Disaster awareness has also improved among the public. A promotional quiz sponsored by the National Fire Agency last year asked residents questions such as whether they should open the door as soon as an earthquake hits. (The answer is no.) The average score among more than 200,000 test takers was 90 percent.
Taiwan’s all-important advanced computer chip industry has also had years to prepare. Taiwan Semiconductor Manufacturing Co., the world’s top maker of high-tech chips, based in central Taiwan, said its facilities were not seriously damaged by Wednesday’s earthquake.

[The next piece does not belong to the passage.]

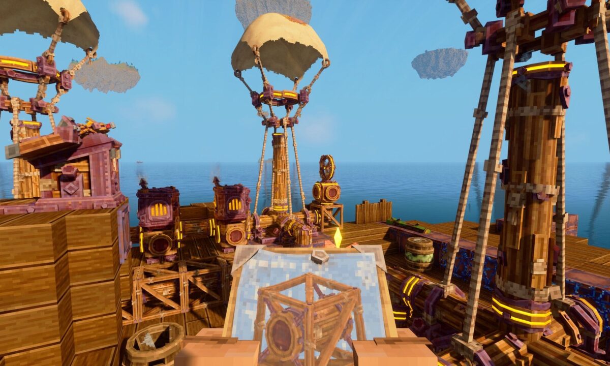 Ao encontrar uma nave abandonada, coloque o Cockpit no leme e conecte o Gerador de Energia, o Motor de Madeira e o Balaão. Carregue combustível como toras de madeira e inicie o motor para ganhar potência e finalmente decolar.

Within 10 hours of the earthquake, 70 percent of production had been restored, the company said in a statement late Wednesday. None of the company’s high-end “lithography” machines, among the most complex pieces of equipment in the world, were damaged, TSMC said.
The emergency response was not always perfect, residents have pointed out. At least seven counties received no early-warning alert, triggering widespread criticism. Taiwan’s Central Weather Administration apologized, saying that it underestimated the scale of the earthquake and did not send an alert.
On Thursday, more than 300 households in Hualien still did not have power, and almost 10,000 homes in the area have lost access to running water, according to Taiwan’s Economic Affairs Ministry.
Schools and businesses in Hualien reopened Thursday, and the local railway line also resumed operation. Aftershocks continued to be felt throughout Taiwan, prompting the Central Weather Administration to say that it would no longer announce tremors smaller than magnitude 3.o.
In Hualien, where residents are accustomed to earthquakes, many were still shocked by the strength of the temblor. Andy Liu, 37, who lives in Jian Township, was waiting outside a clinic when it struck.
“It started to shake, and I felt something was off,” he said. “It was shaking so hard I couldn’t stand up.”
Luck also played a major role in the relatively low death toll of the quake, experts pointed out. It struck in the morning, when many people were heading to work and not at home.
Moreover, the epicenter was located off the coast, rather than on land, and was near one of Taiwan’s least densely populated regions.
“If this Hualien earthquake were to happen in Taipei, it is a certainty that the situation will be even worse than the Noto earthquake,” said Johnson Kung, a board member of the Taiwan Professional Civil Engineers Association, referring to a 7.6-magnitude quake that hit Japan in January and killed more than 200 people.